THE PROBLEM :: Take the line with "Áo sơ mi sọc" as the first and the last line of the data as the end. Write out both and every line between exactly, except pictures.
************
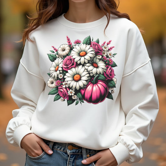 Pumpkin Fall Flowers Digital Design PNG
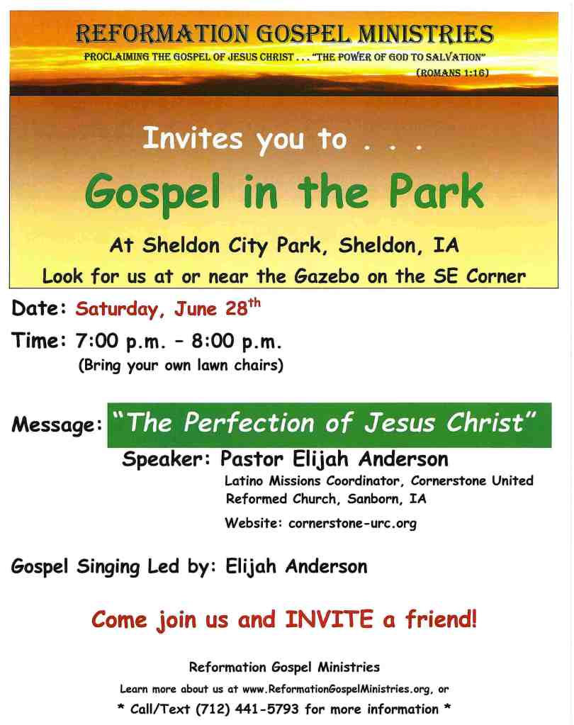 Please keep in prayer our Gospel in the Park, this Saturday at 7 pm at the Sheldon City Park, Sheldon, IA – Elijah Anderson, Associate Pastor of Cornerstone URC, Sanborn, IA and Latino Missions Coordinator will be delivering a gospel message in English.
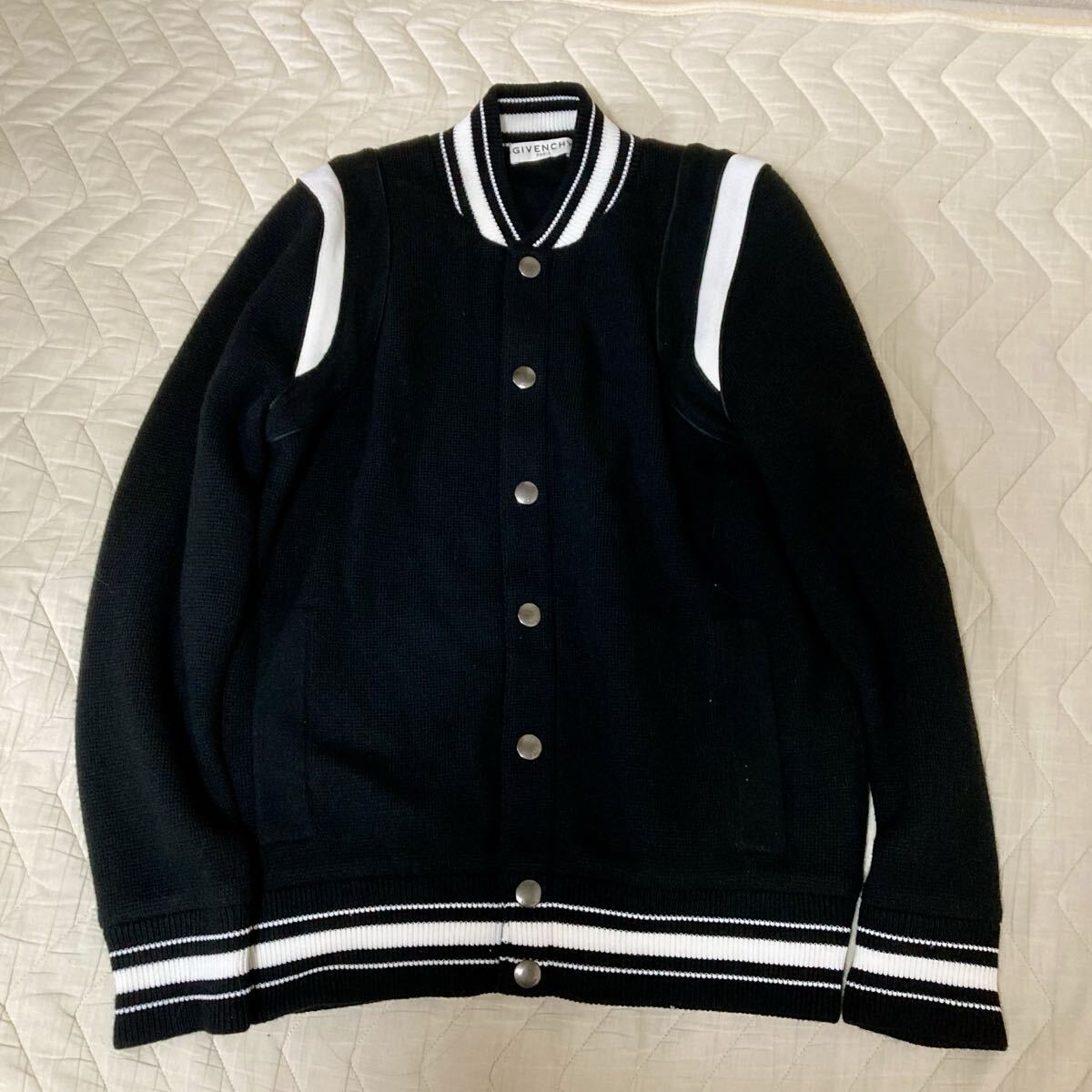 > シバンシィ ボンバージャケット Mサイズ ウール ブラック 黒 ブルゾン スタジャン GIVENCHY メンズ ロゴ ジャンパー ツートーン
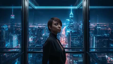 Tech Overlay On High Rise Skyline Visualizing Big Data Interaction Videos
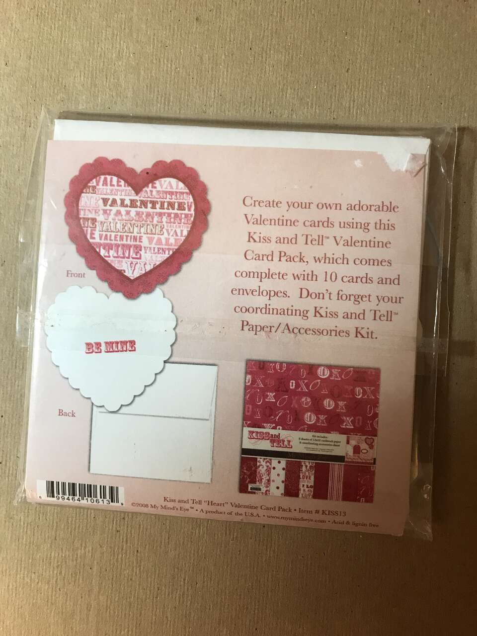 My Mind’s Eye Kiss and Tell Heart Valentine Card Pack. All cards are new. There are 9 cards in this pack
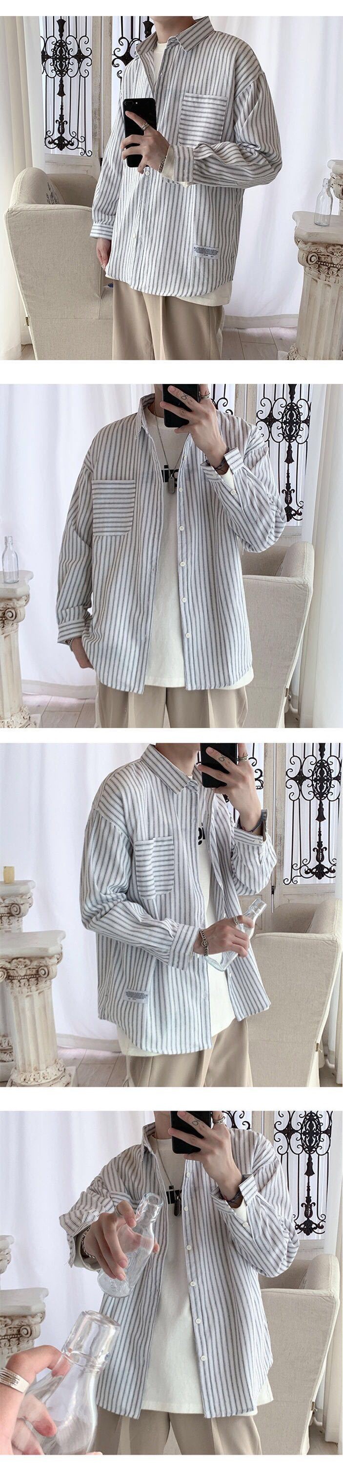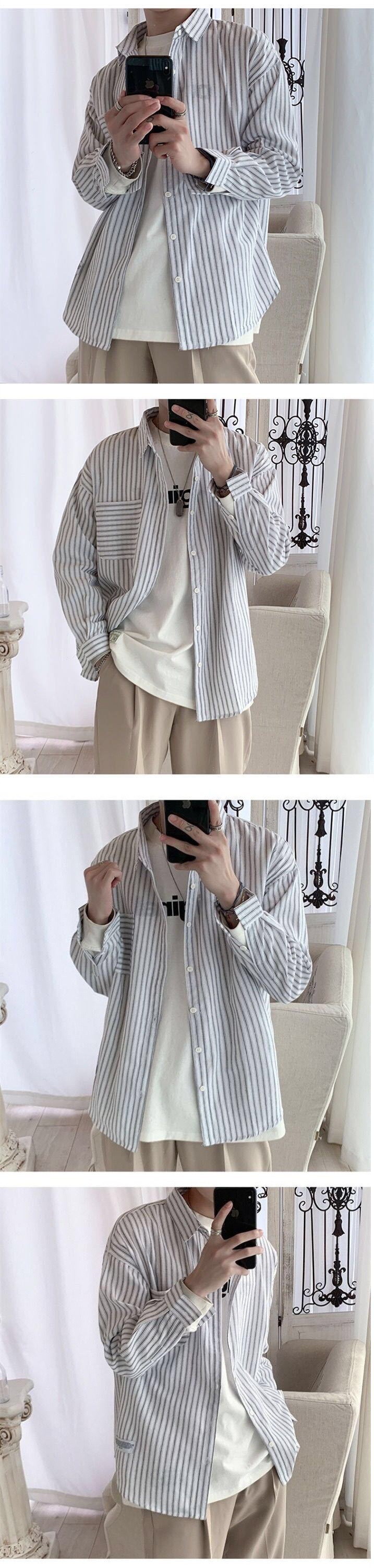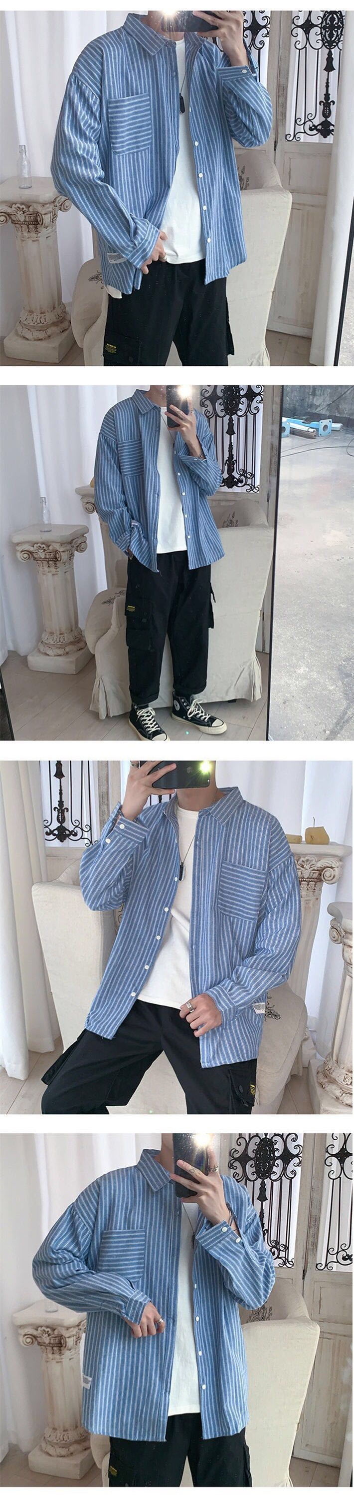Áo sơ mi sọc nam mùa xuân hè 2023 dành cho nam sinh viên phiên bản Hàn Quốc áo sơ mi inch rộng áo sơ mi nam phù hợp với áo khoác dài tay
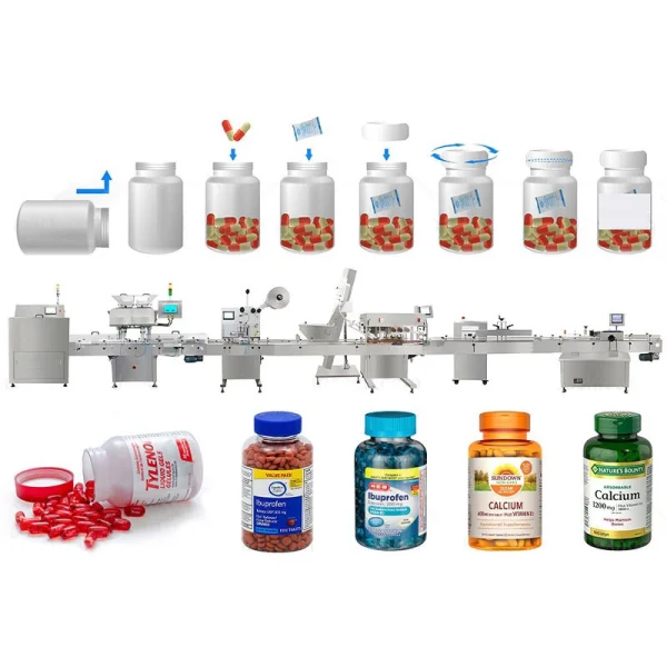 Máquina automática para contar cápsulas de tabletas de suplementos para el cuidado de la salud, llenado, tapado y etiquetado de botellas
************
EXERCISE RESPONSE ::
Áo sơ mi sọc nam mùa xuân hè 2023 dành cho nam sinh viên phiên bản Hàn Quốc áo sơ mi inch rộng áo sơ mi nam phù hợp với áo khoác dài tay
 Máquina automática para contar cápsulas de tabletas de suplementos para el cuidado de la salud, llenado, tapado y etiquetado de botellas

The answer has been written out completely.